Directions for this task |
Reproduced exactly, the lines from the start of the material through the line containing "D 47 ❤️ Rani Pink Embroidered Jacket Saree" should be the whole answer, with pictures excluded.

Provided records |
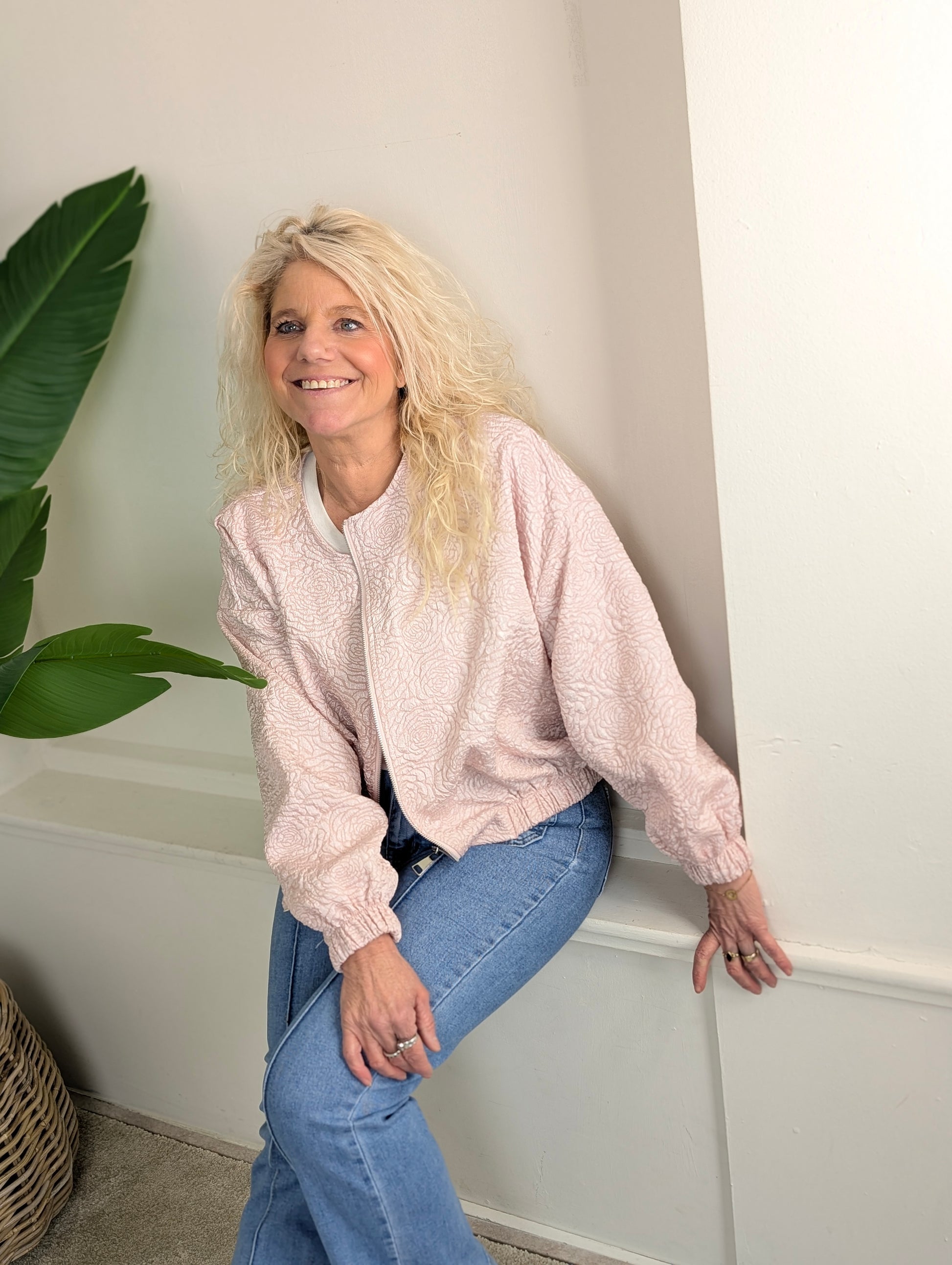 • OMSCHRIJVING: Deze bomber is echt mega gaaf! De kleur is super mooi en gemakkelijk te combineren. En de de bomber heeft een mooie parelmoer glans. De bomber heeft een ritssluiting, steekzakken en is onderin en aan de mouwen afgewerkt met elastiek.
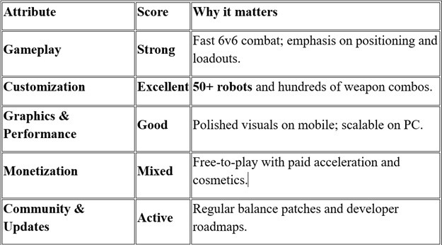 - Who this review is for: players who like team-based PvP, mech customization, and frequent balance updates.
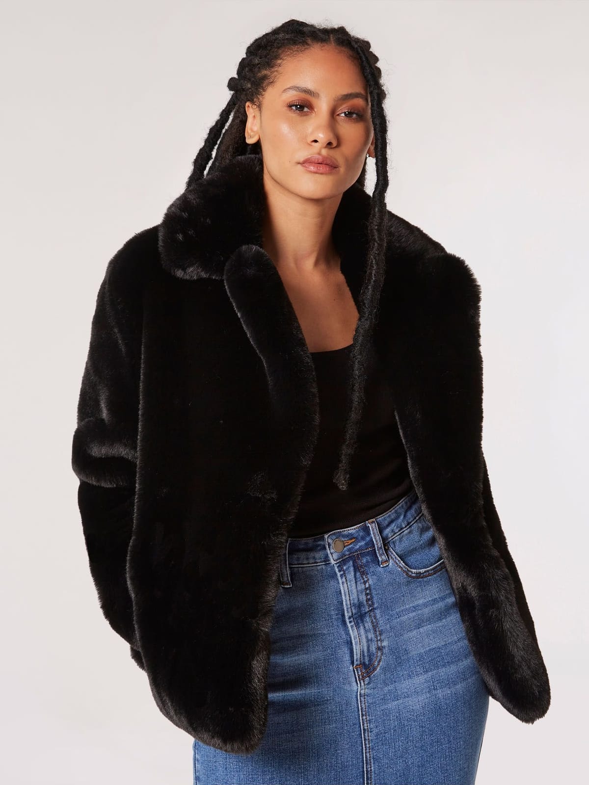 Luxurious black faux fur short coat by Apricot. Fully lined for warmth, it features a collar, lapels, and a full button-down front. Ideal for chilly days.
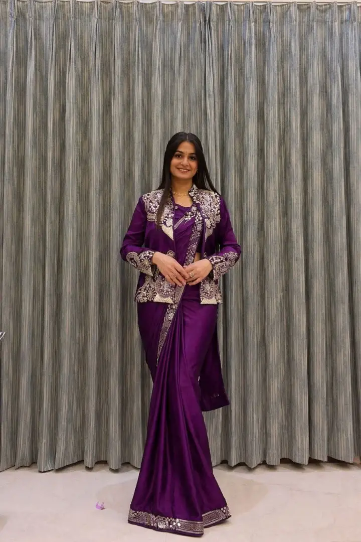 D 47 ❤️ Rani Pink Embroidered Jacket Saree
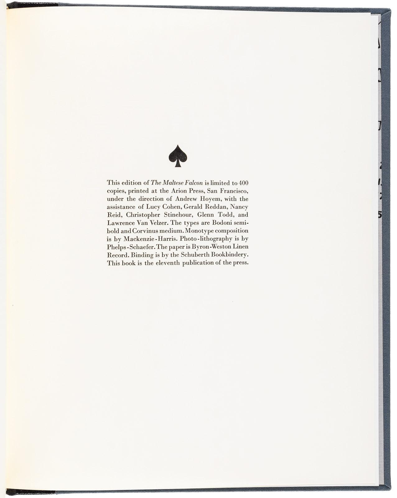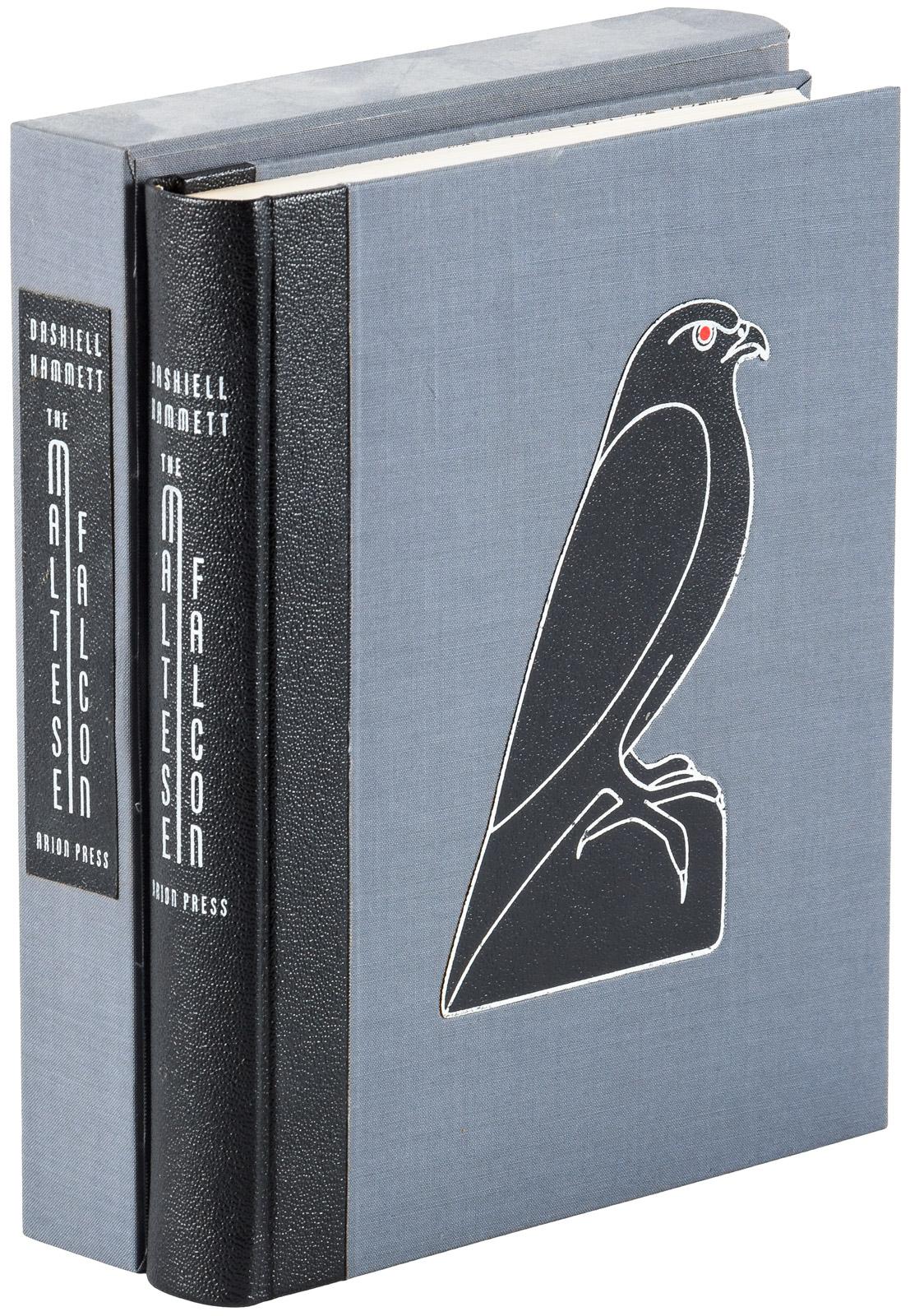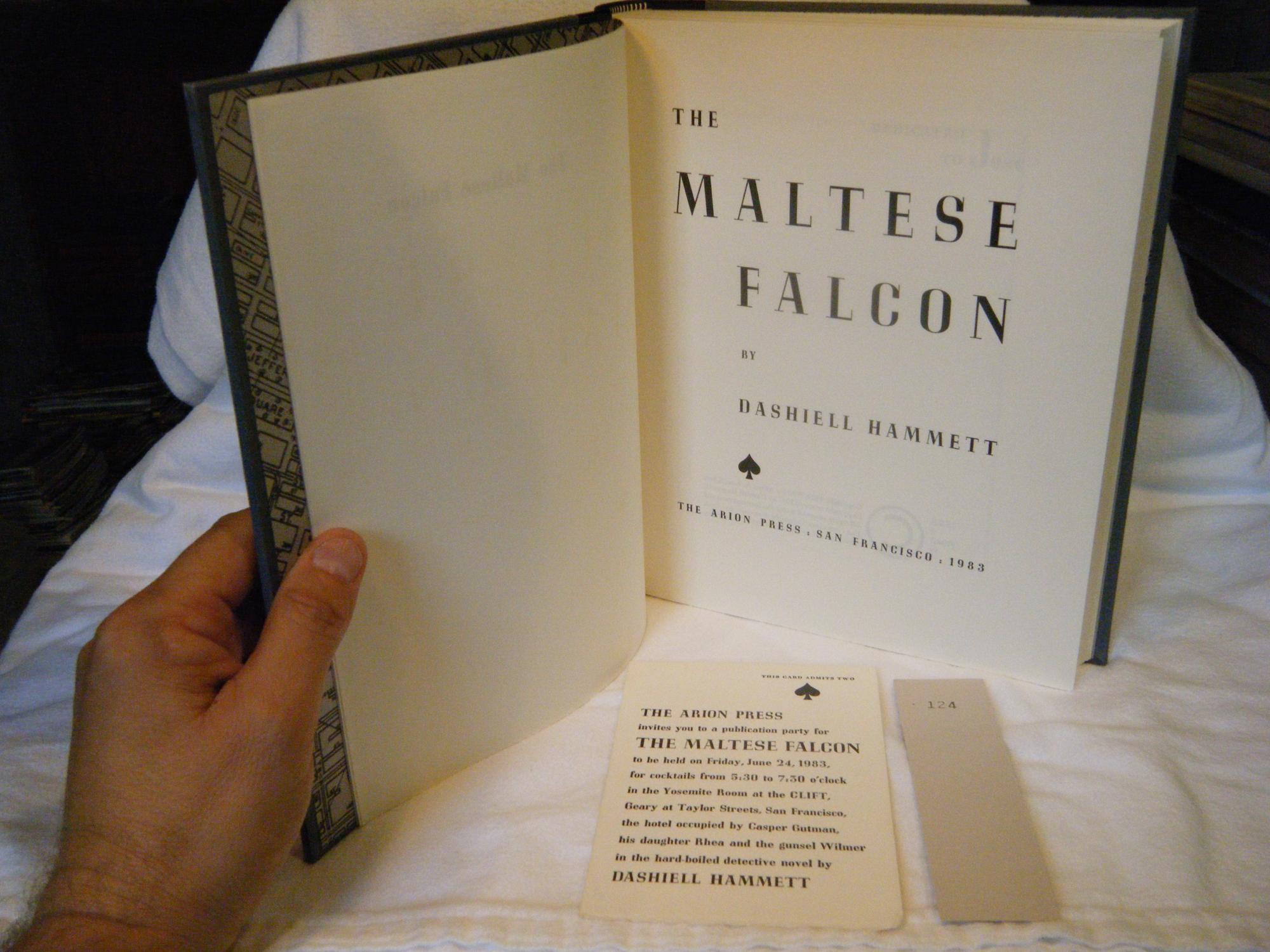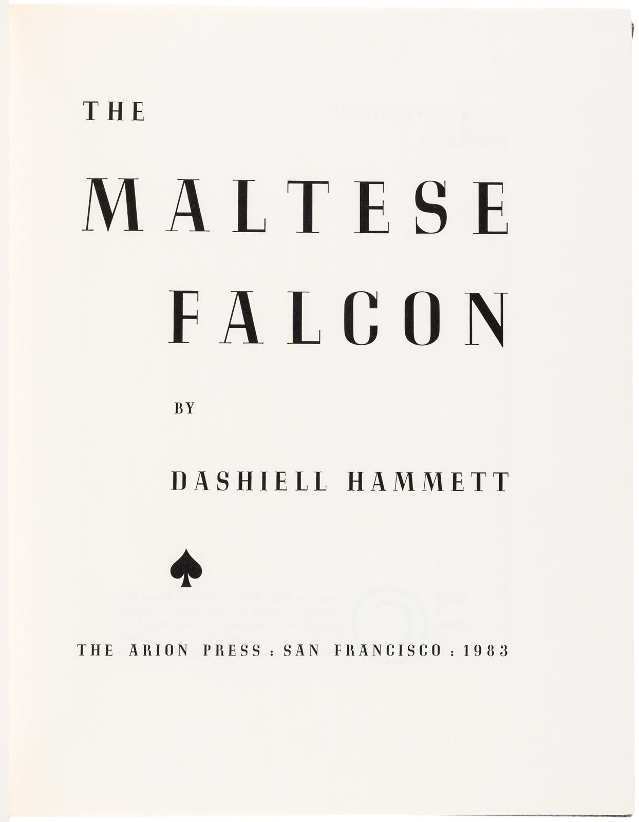Limited edition (400 copies) of The Maltese Falcon by Dashiell Hammett (1894–1961). Published by Arion Press, San Francisco 1983. Illustrated with photographs of Sam Spade’s San Francisco. Original morocco backed cloth, morocco onlay to covers, slipcase, invitation card for publication party laid in.

Result below |
 • OMSCHRIJVING: Deze bomber is echt mega gaaf! De kleur is super mooi en gemakkelijk te combineren. En de de bomber heeft een mooie parelmoer glans. De bomber heeft een ritssluiting, steekzakken en is onderin en aan de mouwen afgewerkt met elastiek.
 - Who this review is for: players who like team-based PvP, mech customization, and frequent balance updates.
 Luxurious black faux fur short coat by Apricot. Fully lined for warmth, it features a collar, lapels, and a full button-down front. Ideal for chilly days.
 D 47 ❤️ Rani Pink Embroidered Jacket Saree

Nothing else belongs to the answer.